Geography
- Location: Palo Alto, California, United States
- Coordinates: 37°26′10″N 122°10′30″W﻿ / ﻿37.43611°N 122.17500°W

Organization
- Affiliated university: Stanford University School of Medicine

Services
- Emergency department: Level 1 Pediatric Trauma Centers
- Beds: 361

Helipads
- Helipad: FAA LID: 15CA (Shared with Stanford University Medical Center)
| Number | Length |  | Surface |
| ft | m |
| H1 | 48 x 48 | 15 × 15 | asphalt |

History
- Founded: 1991; 35 years ago

Links
- Website: http://www.stanfordchildrens.org/
- Lists: Hospitals in California
- Other links: Lucile Packard Foundation for Children's Health, Stanford University Medical Center

= Lucile Packard Children's Hospital =

Lucile Packard Children's Hospital at Stanford (LPCH) is a nationally ranked women's and children's hospital which is affiliated with Stanford University Health system's branding structure. Lucile Packard Children's Hospital maintains independent governance, finances, licenses and legal identities which shows them as legally and operationally distinct from Stanford Health Care and is not a unified legal corporation and which is also stated on LPCH's own discharge paperwork with states it is an "independent nonprofit organization that is affiliated with but separate from Stanford University." The hospital is located adjacent to the campus at 725 Welch Road, Palo Alto, California. It was founded in 1991 and is staffed by over 650 physicians with 4,750 staff and volunteers. The hospital specializes in the care of infants, children, teens, young adults aged 0–21, but sometimes treats older adults and expectant mothers. Lucile Packard Children's Hospital is an ACS verified Level 1 regional pediatric trauma center, 1 of 7 in the state.

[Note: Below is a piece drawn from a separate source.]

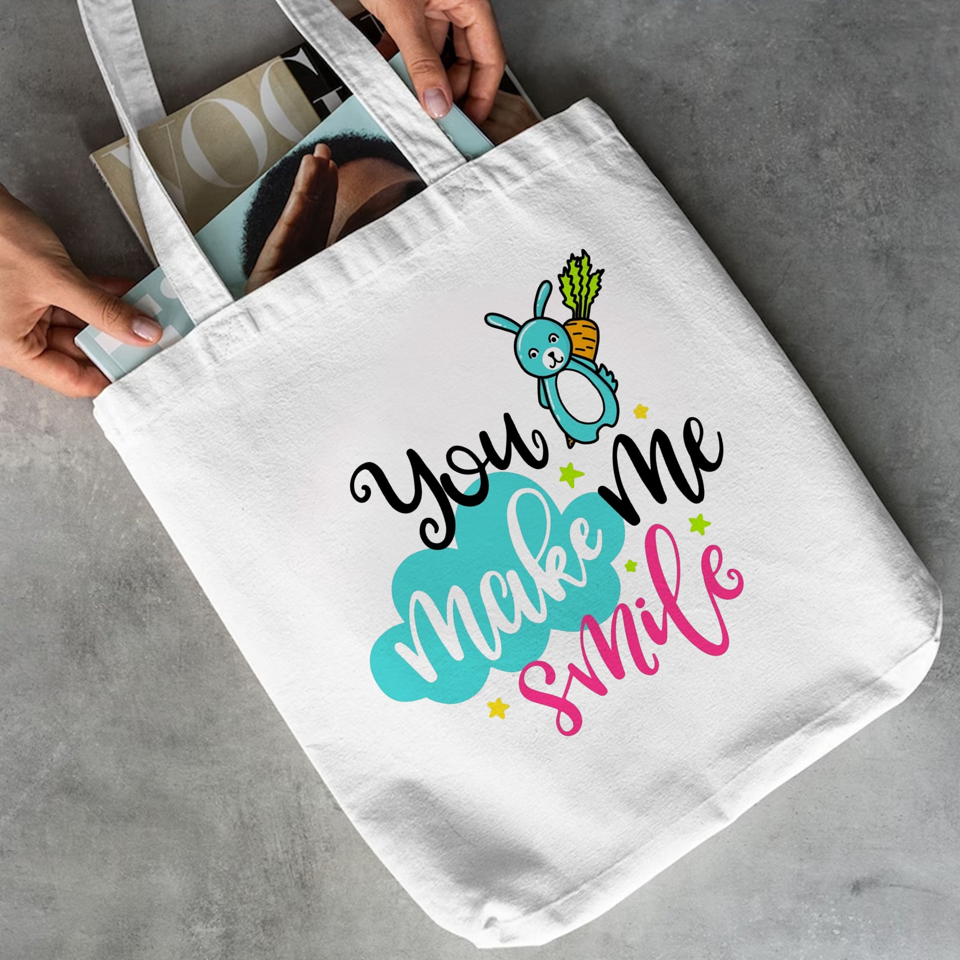 Chillaao You make me smile tote bag

In November 2018, Paul King was appointed president and chief executive officer. King succeeds Christopher Dawes, who retired from the position in August 2018.

==History==
Lucile Packard Children's Hospital at Stanford was founded in 1991 after a $40 million donation in 1986 from David and Lucile Packard, and since then LPCH has become one of the nation's most prominent children's hospitals. In 1996 LPCH merged with the Stanford University Medical Center, and the Lucile Packard Foundation for Children's Health was established as an independent public charity to ensure a continued source of dedicated funding and support for the health and well-being of children.

Lucile Packard Children's Hospital also hosts one of the centers for the study and treatment of Marfan syndrome in the USA. The hospital hosts the most extensive program for Marfan-related thoracic aneurysm in California and one of the largest in the country.

===Modernization and expansion===
On December 9, 2017, Lucile Packard Children's Hospital Stanford opened a new 521,000 square-foot building Main building and 3.5 acres of surrounding gardens and green space. The new building more than doubled the size of the existing pediatric and obstetric hospital campus, adding 149 patient beds for a total of 361 on the Palo Alto campus. Within the original building, now called the West building, design plans are underway for renovating the existing Johnson Center for Pregnancy and Newborn Services to create a dedicated mother and baby center.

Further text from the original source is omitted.